→ Task instructions: Please copy each line below that contains the string "space".

Supplied information Block Start

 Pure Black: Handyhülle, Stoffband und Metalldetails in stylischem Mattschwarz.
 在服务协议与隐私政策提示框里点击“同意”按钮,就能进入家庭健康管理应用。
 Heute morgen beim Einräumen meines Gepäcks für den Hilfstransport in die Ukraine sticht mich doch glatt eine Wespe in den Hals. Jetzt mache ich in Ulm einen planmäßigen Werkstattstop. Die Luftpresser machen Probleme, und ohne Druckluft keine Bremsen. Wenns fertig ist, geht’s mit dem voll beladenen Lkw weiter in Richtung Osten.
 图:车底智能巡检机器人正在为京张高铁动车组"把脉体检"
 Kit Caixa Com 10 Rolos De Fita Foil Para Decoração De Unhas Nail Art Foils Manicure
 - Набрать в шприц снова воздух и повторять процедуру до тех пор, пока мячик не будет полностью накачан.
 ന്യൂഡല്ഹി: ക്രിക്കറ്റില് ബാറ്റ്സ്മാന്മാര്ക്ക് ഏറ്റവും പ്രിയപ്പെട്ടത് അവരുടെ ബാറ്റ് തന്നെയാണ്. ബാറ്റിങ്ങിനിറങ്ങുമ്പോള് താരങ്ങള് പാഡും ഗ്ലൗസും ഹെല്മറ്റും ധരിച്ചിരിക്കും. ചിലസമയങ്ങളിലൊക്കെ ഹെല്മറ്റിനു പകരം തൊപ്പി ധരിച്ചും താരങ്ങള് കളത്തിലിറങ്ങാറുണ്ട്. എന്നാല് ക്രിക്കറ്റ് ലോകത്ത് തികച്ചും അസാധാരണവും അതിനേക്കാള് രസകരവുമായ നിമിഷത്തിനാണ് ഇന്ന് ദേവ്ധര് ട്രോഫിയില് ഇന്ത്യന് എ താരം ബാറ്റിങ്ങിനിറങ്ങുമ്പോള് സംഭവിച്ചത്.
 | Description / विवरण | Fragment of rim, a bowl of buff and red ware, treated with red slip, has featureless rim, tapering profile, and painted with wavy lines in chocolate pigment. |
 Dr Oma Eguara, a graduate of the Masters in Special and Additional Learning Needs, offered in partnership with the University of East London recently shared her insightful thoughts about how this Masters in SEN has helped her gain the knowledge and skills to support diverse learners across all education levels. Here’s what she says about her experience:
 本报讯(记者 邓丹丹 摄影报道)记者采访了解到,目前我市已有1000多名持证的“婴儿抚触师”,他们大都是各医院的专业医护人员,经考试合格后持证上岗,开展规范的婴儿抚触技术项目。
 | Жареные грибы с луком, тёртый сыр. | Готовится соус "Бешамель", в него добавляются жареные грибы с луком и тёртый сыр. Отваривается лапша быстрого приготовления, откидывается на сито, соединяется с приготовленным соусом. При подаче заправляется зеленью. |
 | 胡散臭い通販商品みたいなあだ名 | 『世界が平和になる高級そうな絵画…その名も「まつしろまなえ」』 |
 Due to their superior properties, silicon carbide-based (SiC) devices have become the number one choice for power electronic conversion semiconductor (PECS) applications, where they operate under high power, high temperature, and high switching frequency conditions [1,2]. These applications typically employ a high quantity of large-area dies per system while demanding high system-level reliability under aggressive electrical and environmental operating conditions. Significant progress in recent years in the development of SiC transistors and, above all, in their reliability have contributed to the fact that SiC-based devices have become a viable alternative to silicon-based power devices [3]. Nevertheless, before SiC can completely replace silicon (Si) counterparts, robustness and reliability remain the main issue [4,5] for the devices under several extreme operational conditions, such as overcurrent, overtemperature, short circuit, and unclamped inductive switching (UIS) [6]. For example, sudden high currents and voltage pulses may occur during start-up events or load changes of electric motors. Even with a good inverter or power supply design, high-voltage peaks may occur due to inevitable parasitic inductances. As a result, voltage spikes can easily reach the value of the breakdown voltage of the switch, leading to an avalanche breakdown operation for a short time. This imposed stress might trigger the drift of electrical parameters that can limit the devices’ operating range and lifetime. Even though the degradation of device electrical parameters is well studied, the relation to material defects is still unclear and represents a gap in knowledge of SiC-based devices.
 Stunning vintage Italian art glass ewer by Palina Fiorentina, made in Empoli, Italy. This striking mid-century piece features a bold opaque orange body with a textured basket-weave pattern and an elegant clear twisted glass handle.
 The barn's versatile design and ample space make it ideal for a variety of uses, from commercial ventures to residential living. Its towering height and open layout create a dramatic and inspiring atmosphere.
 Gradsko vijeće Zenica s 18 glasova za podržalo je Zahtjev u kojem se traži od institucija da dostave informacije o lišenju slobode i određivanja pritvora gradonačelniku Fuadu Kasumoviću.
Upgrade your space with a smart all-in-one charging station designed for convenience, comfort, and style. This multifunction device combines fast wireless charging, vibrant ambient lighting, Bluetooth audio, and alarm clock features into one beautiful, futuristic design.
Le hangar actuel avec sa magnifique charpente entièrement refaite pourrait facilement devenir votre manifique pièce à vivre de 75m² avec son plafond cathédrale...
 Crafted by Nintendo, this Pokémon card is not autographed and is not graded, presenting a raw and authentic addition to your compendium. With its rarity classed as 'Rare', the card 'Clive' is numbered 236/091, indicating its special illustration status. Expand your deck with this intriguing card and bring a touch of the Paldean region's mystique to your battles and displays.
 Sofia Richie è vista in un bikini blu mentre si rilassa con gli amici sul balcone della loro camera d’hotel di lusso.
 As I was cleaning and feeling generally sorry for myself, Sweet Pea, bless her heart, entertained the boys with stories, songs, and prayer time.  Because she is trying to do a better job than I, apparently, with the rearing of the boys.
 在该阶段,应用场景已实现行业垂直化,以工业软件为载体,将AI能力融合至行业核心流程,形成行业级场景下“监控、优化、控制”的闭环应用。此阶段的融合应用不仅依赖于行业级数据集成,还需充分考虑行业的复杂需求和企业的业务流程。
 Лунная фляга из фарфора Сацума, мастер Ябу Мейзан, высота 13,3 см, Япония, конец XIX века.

Supplied information Block End

→ Problem solution:
 The barn's versatile design and ample space make it ideal for a variety of uses, from commercial ventures to residential living. Its towering height and open layout create a dramatic and inspiring atmosphere.
Upgrade your space with a smart all-in-one charging station designed for convenience, comfort, and style. This multifunction device combines fast wireless charging, vibrant ambient lighting, Bluetooth audio, and alarm clock features into one beautiful, futuristic design.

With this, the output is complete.